The Simple Science of a Healthy Life
From fitness to diets to emotional health and longevity, what do people who feel and look healthy do differently than those who are overtired, depressed, or out of shape? Every day we face an avalanche of studies and statistics that tell us what we should or shouldn't eat, how long we need to exercise, or how to protect ourselves from secondhand smoke and the harmful rays from the sun. Not only are these studies often contradictory, but the actual scientific information is usually inaccessible.
Moving beyond the myths and misinformation, the advice in these pages is not based on one person's opinions or one expert's study. For the first time the research available on the health of average Americans has been distilled into one hundred essential ways that we can become healthier and happier. Each of the core findings is accompanied by a real life example showing these results in action.

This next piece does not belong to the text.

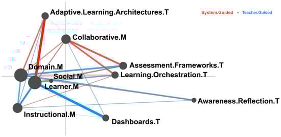 In our previous work, we classified the papers under review into two groups: those where the proposed systems played the primary role in adapting the learning process, and those where the teachers were the primary agents of adaptation (see Table A1 in Appendix A for more details). When building ENA, we created and subtracted two different networks based on these two groups of papers (respectively, with red and blue in Figure 9). It is unsurprising that the network of papers focused on system-guided learning displayed a higher level of interconnectedness between topics related to Adaptive Learning Architectures and Assessment Frameworks, or models such as domain and social models (evidenced by stronger red connections in the subtracted network in Figure 9). On the other hand, the network of papers focused on teacher-guided learning showed stronger connections between most of the models, as well as topics such as Dashboards or Awareness and Reflection (with blue in Figure 9).

Eat more often. Oxford University researchers found that people who ate five or six times a day had a 5 percent lower total cholesterol than average and were 45 percent more likely to be able to sustain their target weight than people who ate once or twice a day.
Who says caffeine is bad for you? The majority of scientific evidence shows that, for a healthy adult, moderate quantities of caffeine (about three cups of coffee per day) pose no significant health risks.
Home sweet home. People who described their home lives as satisfying were 24 percent more likely to live beyond normal life expectancy, according to a UCLA study.